[Start of Attachment]

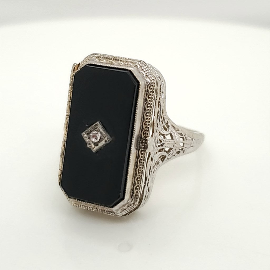 - Late Art Deco 14kt white gold filigree flip ring with rectangular cameo on one side and black onyx inset with diamond on the other
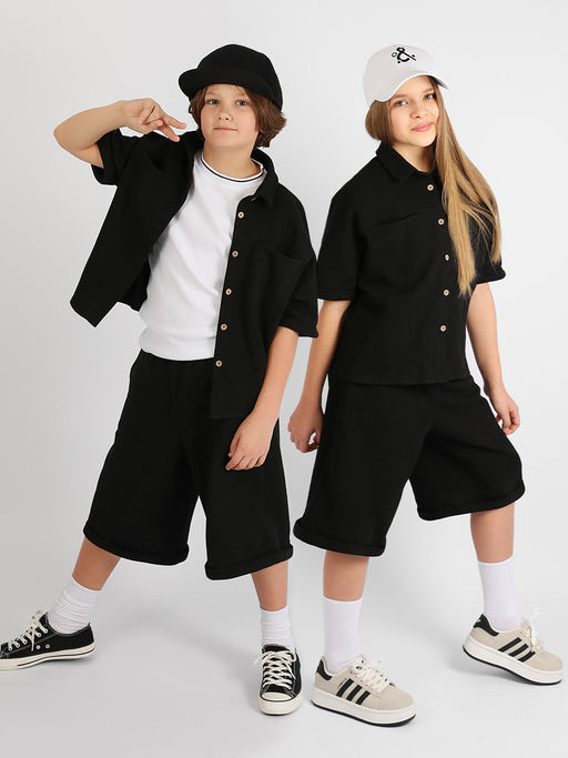 Летний детский костюм Соль&Перец, выполнен из натурального хлопкового вафельного трикотажа. Рубашка свободного кроя с потайными карманами на груди, удлинённые шорты с карманами, по талии на широкой, эластичной резинке. Костюм из хлопковой ткани вафельной текстуры хорошо пропускает воздух, защищает от солнца и подходит для чувствительной кожи. Отличный вариант для летнего отдыха.
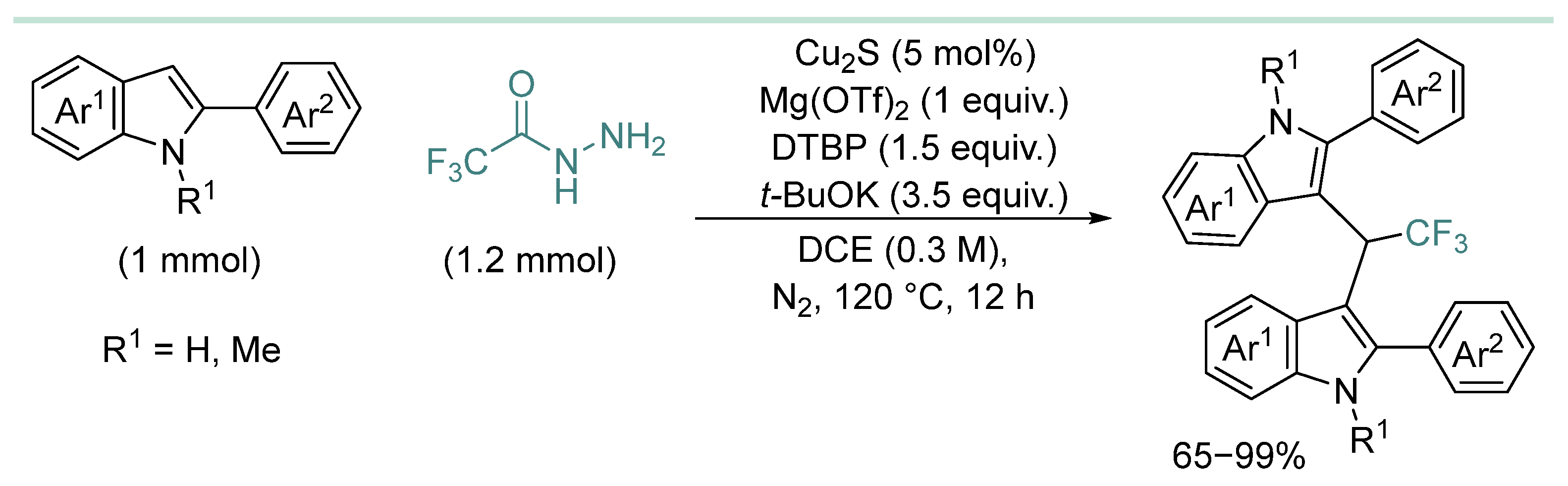 - Yuan, Z.; Chen, S.; Weng, Z. Copper-Catalyzed Synthesis of Trifluoromethylated Bis(Indolyl)Arylmethanes from 2-Arylindoles and 2,2,2-Trifluoroacetohydrazide. Org. Chem. Front. 2020, 7, 482–486. [Google Scholar] [CrossRef]
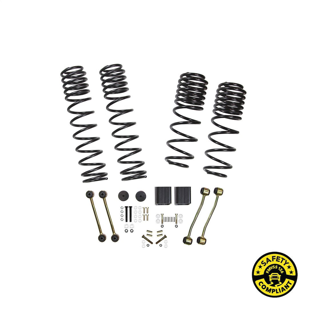 Skyjacker specifically engineered a progressive variable rate coil spring, distinctively a 2-stage dual rate long travel coil. Spring rate progression is from a 1st Flex Rate to a 2nd Ride Rate. The 1st Flex Rate stage delivers a comfortable ride with the ability to flex for increased articulation. The flex rate expands during full articulation as the suspension drops (full droop). This keeps the coil springs seated in the upper coil mount/bucket and the tires in contact with the terrain. The 2nd Ride Rate stage only engages after compression past the flex rate. Engineered to coordinate with the Wrangler’s distinctive suspension handling characteristics, the rear coils are side specific. Front and Rear Bump Stop Spacers bolt onto the axle bump pads and keep the suspension travel safely in check. Front and Rear Extended Length Sway Bar End Links allow full articulation as the suspension drops (full droop). These sway bar end links features Skyjacker installed pressed-in HD OEM style rubber bushings. Proper suspension geometry ensures the Electronic Stability Control (ESC) system functions within factory parameters.
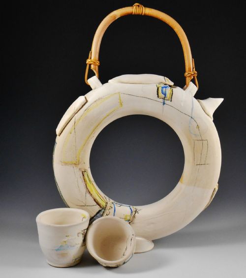 | Description: | Wheel thrown teapot and cups, decorated with underglaze pencils |
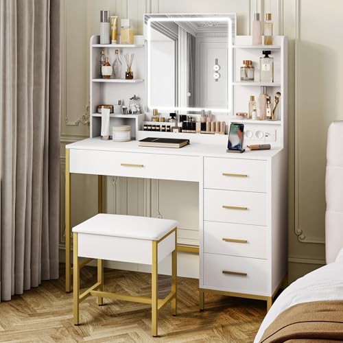 Hzuaneri Coiffeuse HD avec Tabouret et Miroir, 5 Tiroirs
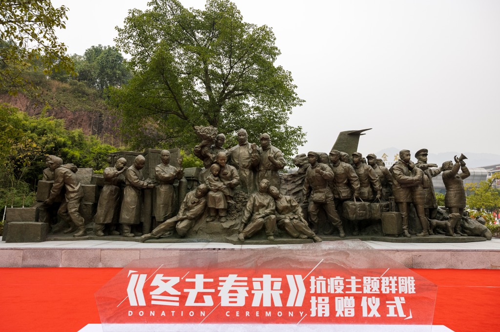 唐青阳表示,正值重庆医科大学65周年校庆之际,四川美术学院向重庆医科大学捐赠大型抗疫群雕《冬去春来》,以此向所有重庆医科大学老师、同学,向所有医护人员表示祝贺和敬意。
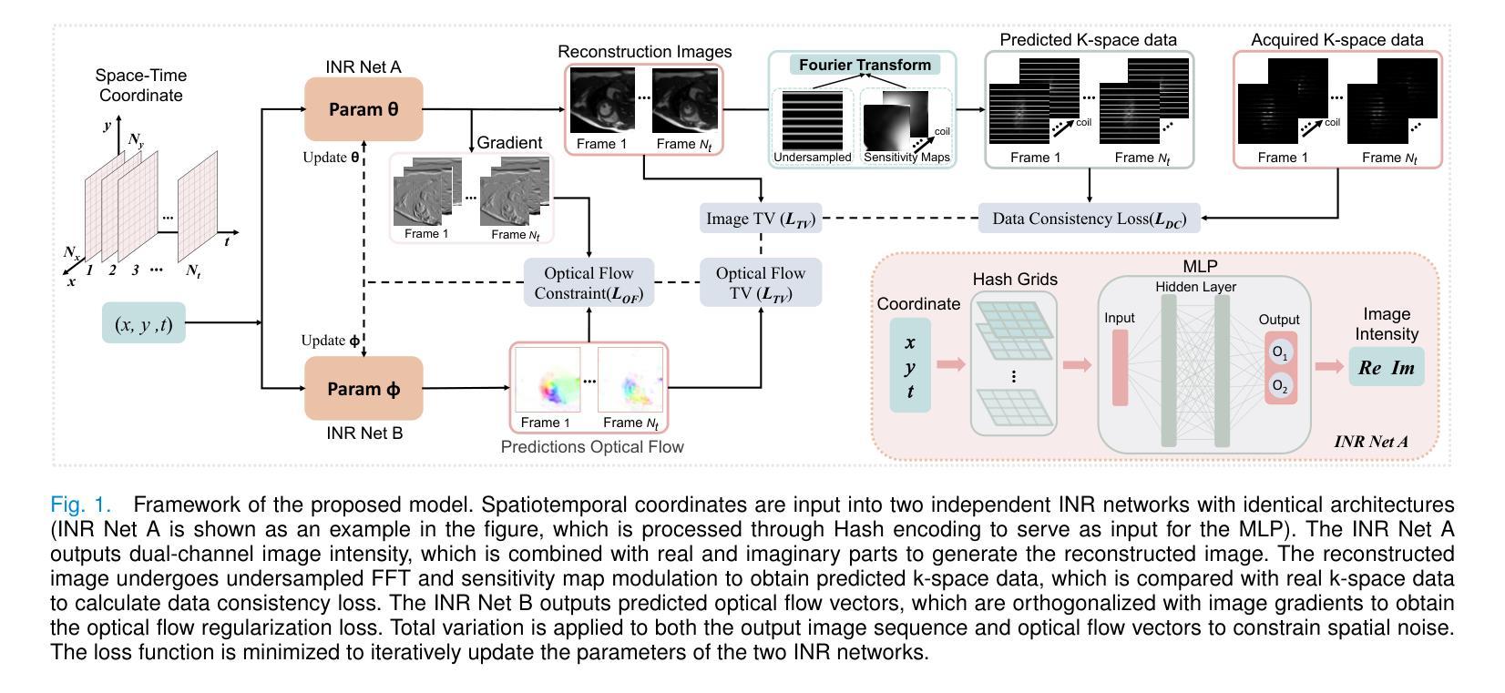 - 隐神经表示(INR)框架被用于动态磁共振成像(dMRI)的重建。
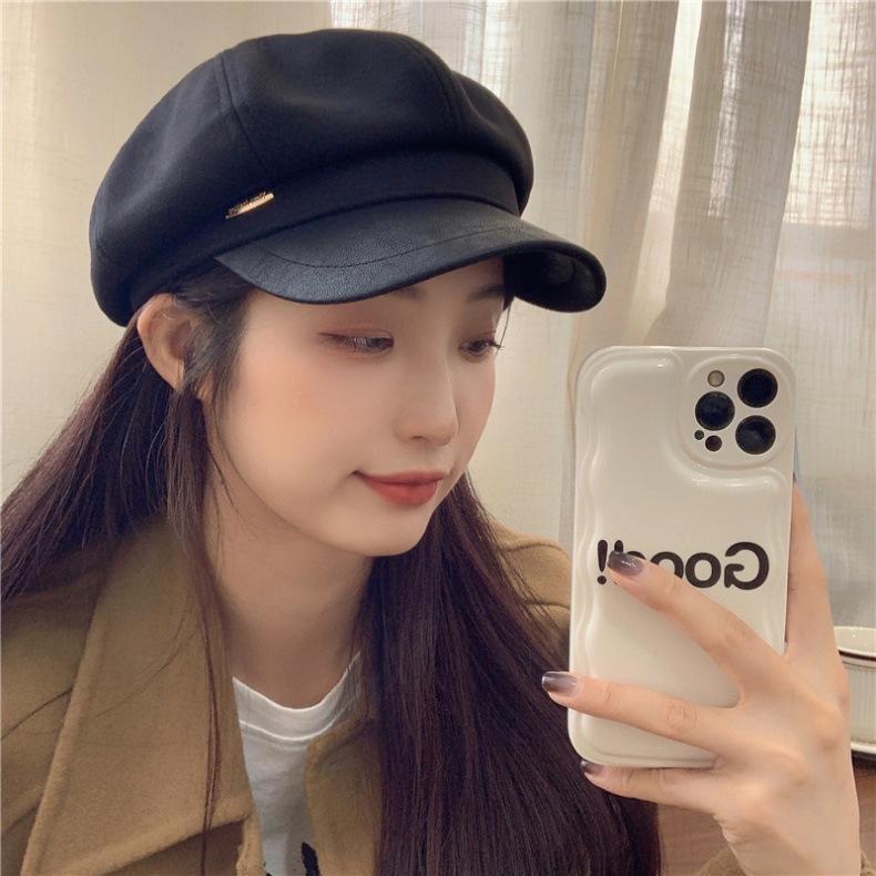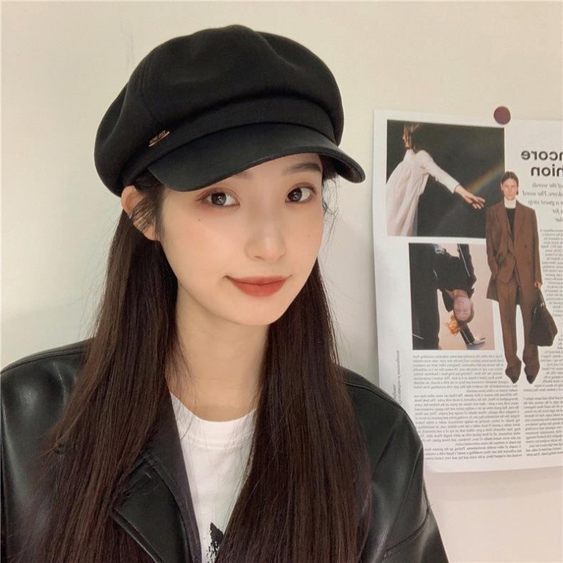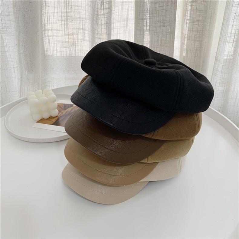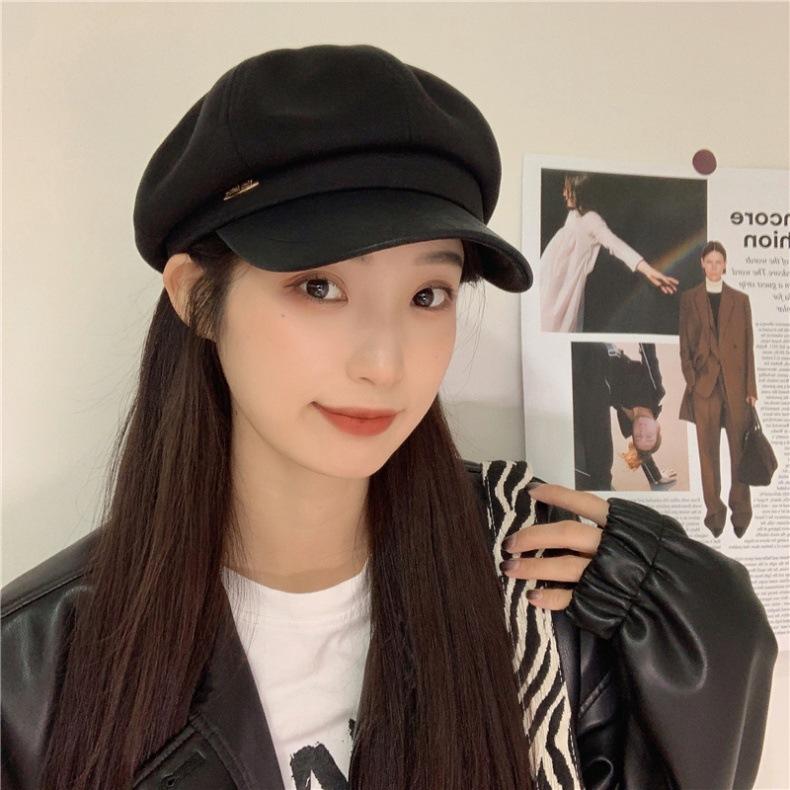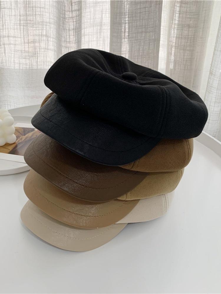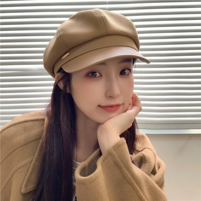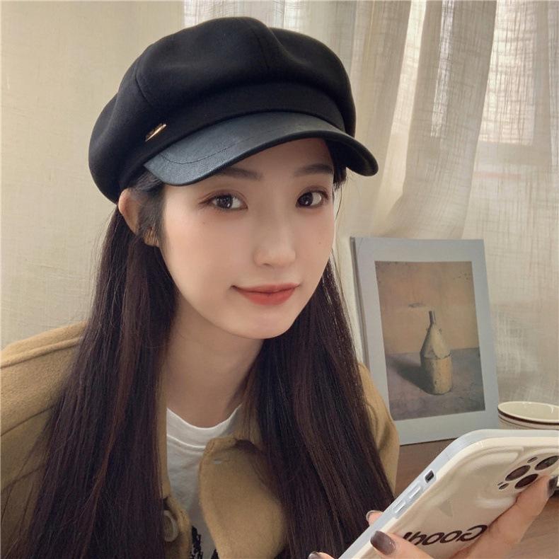 Boina de otoño marrón cálido con costuras de lana sintética para mujer, estilo coreano, otoño e invierno, versátil, retro, elegante, de moda, sombrero octogonal

[End of Attachment]

• **What needs to be done**
Word for word, write out the lines above running from the one with "Летний детский костюм" up to and including the one with "- Yuan, Z.;". Drop any picture.

• **Reply to the exercise**
 Летний детский костюм Соль&Перец, выполнен из натурального хлопкового вафельного трикотажа. Рубашка свободного кроя с потайными карманами на груди, удлинённые шорты с карманами, по талии на широкой, эластичной резинке. Костюм из хлопковой ткани вафельной текстуры хорошо пропускает воздух, защищает от солнца и подходит для чувствительной кожи. Отличный вариант для летнего отдыха.
 - Yuan, Z.; Chen, S.; Weng, Z. Copper-Catalyzed Synthesis of Trifluoromethylated Bis(Indolyl)Arylmethanes from 2-Arylindoles and 2,2,2-Trifluoroacetohydrazide. Org. Chem. Front. 2020, 7, 482–486. [Google Scholar] [CrossRef]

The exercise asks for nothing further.